Character from film eating watermelon.

The short version, released on March 28, 1941 by Universal Pictures features no director credit (Woody Woodpecker creator Walter Lantz claims to have directed the cartoon himself), with a story by Ben Hardaway, animation by Alex Lovy and Frank Tipper, and voice work by Mel Blanc. The short is awash with what is now considered offensive blackface stereotypes of African-American people and culture, and of life in the rural Southern United States.

The "Scrub Me Mama" short is today in the public domain. Clips from it are featured in Spike Lee's 2000 satirical film about African-American stereotypes, Bamboozled. The film's setting, Lazy Town, is not to be confused with the children's television program of the same name.

Plot

The dark-skinned black residents of Lazy Town are excited upon the arrival of the unnamed light-skinned girl.

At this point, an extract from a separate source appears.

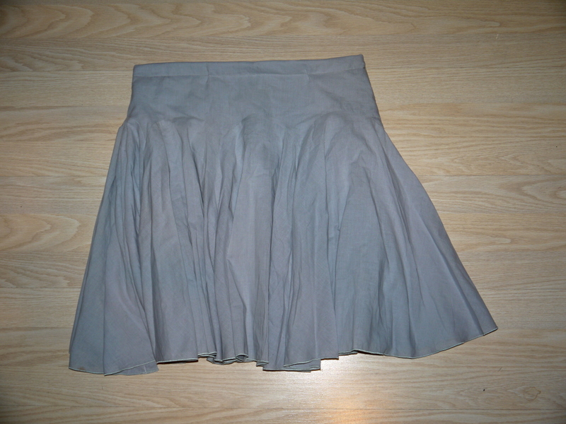 …one large full-skirted light grey skirt. This one is size 16 and came from the Children’s Society Shop in Upminster. For this I paid £2.49.

The short opens to an orchestral rendition of Stephen Foster's "Old Folks at Home", immediately setting the scene in the rural South of blackface minstrelsy. The setting is Lazy Town, perhaps the laziest place on earth. Neither the town's residents (all stereotypes of African Americans) nor the animals can be bothered to leave their reclining positions to do anything at all. Their pastoral existence is interrupted by the arrival of a riverboat, carrying a svelte, sophisticated, light-skinned woman from Harlem (who bears a resemblance to Lena Horne), whose physical beauty inspires the entire populace of an all-African-American "Lazy Town" to spring into action.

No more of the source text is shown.